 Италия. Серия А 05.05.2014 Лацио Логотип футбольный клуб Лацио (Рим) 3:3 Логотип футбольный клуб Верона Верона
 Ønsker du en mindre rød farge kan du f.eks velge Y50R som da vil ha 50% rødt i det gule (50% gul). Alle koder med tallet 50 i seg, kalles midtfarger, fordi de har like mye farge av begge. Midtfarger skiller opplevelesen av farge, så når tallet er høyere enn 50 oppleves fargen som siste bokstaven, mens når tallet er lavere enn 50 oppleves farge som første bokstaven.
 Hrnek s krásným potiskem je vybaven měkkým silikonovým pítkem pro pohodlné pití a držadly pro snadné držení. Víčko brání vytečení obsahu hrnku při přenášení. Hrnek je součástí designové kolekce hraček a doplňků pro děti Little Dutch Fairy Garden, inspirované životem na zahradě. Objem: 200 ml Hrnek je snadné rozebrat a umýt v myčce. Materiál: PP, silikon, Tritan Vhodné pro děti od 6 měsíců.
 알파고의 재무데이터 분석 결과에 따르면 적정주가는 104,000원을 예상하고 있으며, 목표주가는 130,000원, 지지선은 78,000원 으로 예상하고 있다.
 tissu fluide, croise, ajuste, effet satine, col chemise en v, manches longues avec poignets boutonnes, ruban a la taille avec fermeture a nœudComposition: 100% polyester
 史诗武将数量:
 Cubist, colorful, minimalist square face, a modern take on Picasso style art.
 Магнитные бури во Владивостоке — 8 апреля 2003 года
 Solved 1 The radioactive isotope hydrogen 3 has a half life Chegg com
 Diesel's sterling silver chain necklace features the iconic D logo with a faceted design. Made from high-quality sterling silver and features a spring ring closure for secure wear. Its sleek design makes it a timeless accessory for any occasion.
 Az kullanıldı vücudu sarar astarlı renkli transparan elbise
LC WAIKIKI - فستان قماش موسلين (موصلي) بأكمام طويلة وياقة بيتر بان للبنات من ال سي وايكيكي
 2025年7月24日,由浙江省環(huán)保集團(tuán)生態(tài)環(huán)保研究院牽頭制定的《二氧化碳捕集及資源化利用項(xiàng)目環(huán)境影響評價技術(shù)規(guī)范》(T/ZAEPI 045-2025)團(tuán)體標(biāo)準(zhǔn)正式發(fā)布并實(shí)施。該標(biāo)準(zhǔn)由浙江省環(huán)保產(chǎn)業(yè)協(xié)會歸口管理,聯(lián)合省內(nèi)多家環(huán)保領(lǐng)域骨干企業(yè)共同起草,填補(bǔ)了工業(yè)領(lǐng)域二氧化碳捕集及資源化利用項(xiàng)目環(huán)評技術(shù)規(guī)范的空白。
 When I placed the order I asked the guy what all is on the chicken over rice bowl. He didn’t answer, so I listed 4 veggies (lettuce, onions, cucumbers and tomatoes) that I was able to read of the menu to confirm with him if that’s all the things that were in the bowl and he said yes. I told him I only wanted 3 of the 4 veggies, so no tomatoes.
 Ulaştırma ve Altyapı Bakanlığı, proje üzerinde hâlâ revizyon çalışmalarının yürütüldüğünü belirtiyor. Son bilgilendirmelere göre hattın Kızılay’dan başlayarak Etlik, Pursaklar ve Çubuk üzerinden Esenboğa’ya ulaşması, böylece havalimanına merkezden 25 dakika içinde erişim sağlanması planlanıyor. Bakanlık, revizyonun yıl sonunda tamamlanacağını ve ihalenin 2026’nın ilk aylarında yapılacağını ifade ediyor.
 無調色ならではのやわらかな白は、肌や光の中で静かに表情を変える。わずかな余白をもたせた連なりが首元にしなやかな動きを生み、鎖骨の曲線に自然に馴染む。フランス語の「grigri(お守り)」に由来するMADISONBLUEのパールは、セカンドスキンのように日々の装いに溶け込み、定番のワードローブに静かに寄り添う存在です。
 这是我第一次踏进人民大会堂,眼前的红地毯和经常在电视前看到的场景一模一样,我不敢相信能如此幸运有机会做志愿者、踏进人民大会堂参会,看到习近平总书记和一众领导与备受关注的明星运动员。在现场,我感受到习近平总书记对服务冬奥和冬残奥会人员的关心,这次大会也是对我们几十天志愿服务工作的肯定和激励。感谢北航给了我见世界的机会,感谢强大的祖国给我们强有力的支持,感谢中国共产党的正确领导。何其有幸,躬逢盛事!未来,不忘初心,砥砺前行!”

== EXERCISE BRIEF ==
Will you return exactly the lines above from the one with "Solved 1 The" down to the one with "Az kullanıldı vücudu", counting both as part of the range?

== ANSWER TO THE EXERCISE ==
 Solved 1 The radioactive isotope hydrogen 3 has a half life Chegg com
 Diesel's sterling silver chain necklace features the iconic D logo with a faceted design. Made from high-quality sterling silver and features a spring ring closure for secure wear. Its sleek design makes it a timeless accessory for any occasion.
 Az kullanıldı vücudu sarar astarlı renkli transparan elbise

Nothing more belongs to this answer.